Но в то же время Катриона понимала Брайса, может быть, лучше всех, за исключением его брата-короля. Всю беременность она неистово молила Светлых богов о дочери. Но Светлые боги сочли ее молитвы недостойными и наказали ее – их обоих, – ниспослав сына. Все рухнуло в тот же миг. Король поздравил ее, но улыбался при этом так жутко, что Катриона проплакала потом всю ночь. И Брайс, вернувшись из своей поездки за Долгое море, тоже не пытался скрыть досаду. Не у него должен был родиться сын. Это посеяло раздор между братьями, и Катриона холодела, понимая, что она, как виновница этого раздора, рано или поздно понесет кару.
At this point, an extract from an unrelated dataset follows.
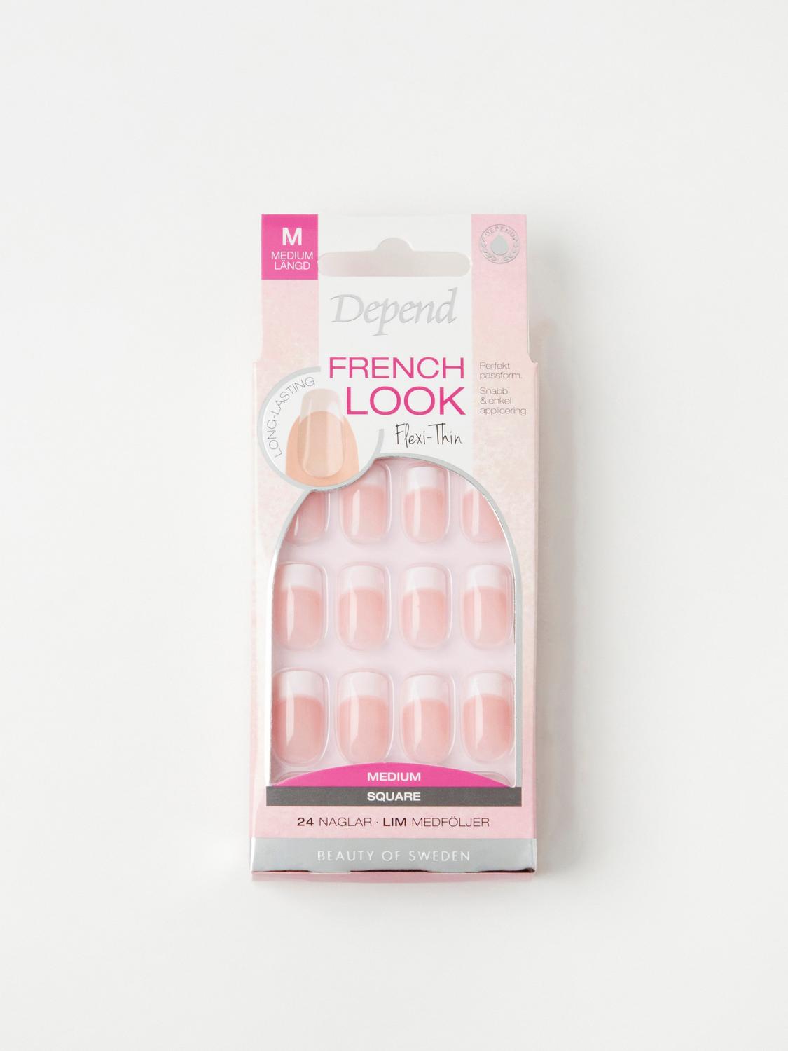 Lösnaglar för en perfekt fransk manikyr på bara några minuter. Flexi-Thin ger den ultimata passformen, är enkla att applicera och har en högglansig yta som varken flagnar eller tappar färg. Lim medföljer. OBS! Vi rekommenderar max 10 dagars användning av lösnaglar i sträck. Sedan skall naglarna luftas innan en ny applicering kan göras, förutsatt att dina naglar då är i god kondition. Vid borttagning av lösnaglar använd Depend Lösnagelremover. OBS! Bryt eller drag aldrig av lösnageln eftersom det kan skada din naturliga nagel.Försiktighetsåtgärder för lim: Om hudens ytor klistras fast, dra ej utan använd en acetonbaserad remover. Använd aldrig lösnaglar om dina naturliga naglar är tunna, skadade eller infekterade. Undvik hetta. Nagellim kan fläcka eller skada tyg. Skydda ytor mot eventuellt spill innan limmet öppnas. Avlägsna kapsylen, håll limtuben upprätt och vrid av vingen för att öppna limmet. OBS: Tuben är en engångsförpackning och kan inte återförslutas. Lägg därför inte den öppna tuben ned, då limrester kan läcka ut. Cyanoakrylat. Fara. Fäster snabbt på hud och ögon. Förvaras oåtkomligt för barn. Orsakar allvarlig ögonirritation. Irriterar huden. Kan orsaka irritation i luftvägarna. VID KONTAKT MED ÖGONEN: Skölj försiktigt med vatten i flera minuter. Ta ur eventuella kontaktlinser om det går lätt. Fortsätt att skölja. Vid bestående ögonirritation: Sök läkarhjälp.

Но и предположить не могла, что эта кара окажется такой… изощренной.
Ее отец поднял бунт. Он решил посадить сына Катрионы на митральский трон – разумеется, не спросив, хочет ли этого она. Катриона не хотела. Не потому, что ее страшила власть – хотя и это тоже, – но потому, что она знала: Брайс такого ни за что не потерпит. Он никогда не позволит использовать ни себя, ни своих детей против короля Яннема. Его преданность брату была безграничной, неистовой, почти слепой. Хотя Брайсу не нравились многие действия Яннема, особенно когда доходило до арестов и казней, но он все равно не пошел бы против брата, хотя по-прежнему смел ему возражать – только он один и смел. Катриона могла лишь гадать, успели ли зародиться в Брайсе отцовские чувства к сыну: он видел ребенка лишь несколько раз, а на руках держал, как ей потом сказали, только во время обряда освящения. И имя выбрал такое, что Катрионе было стыдно произносить его вслух… Нет, она не знала, успел ли Брайс полюбить их сына. И понятия не имела, как он поступит, когда – и если – вернется. Будет ли защищать свою семью любой ценой или снова встанет на сторону брата, как преданный вассал, пожертвовав ради сохранения власти Яннема всем, что есть у него самого…
Когда он вернется. Если он вернется. Об этом думала Катриона, дрожа под распахнутым окном и тряся колыбель с плачущим сыном.
Стукнула створка двери. Катриона испуганно оглянулась – каждый раз при этом стуке она ждала, что в ее спальню ворвется муж или деверь с мечом наголо, – и увидела свою фрейлину, леди Аллену.
– Моя леди, здесь лорд Айвор, он желает…
– …видеть свою драгоценную дочь и не менее драгоценного внука, что же еще, – протянул лорд Глендори, бесцеремонно отодвигая в сторону замешкавшуюся фрейлину. На его красивом, нестаром еще лице играла сладкая улыбка, слегка скисшая от звуков младенческого рева. – Леди Аллена, заберите моего внука и успокойте.
– Но мой лорд, мы уже все испробовали, он никак не…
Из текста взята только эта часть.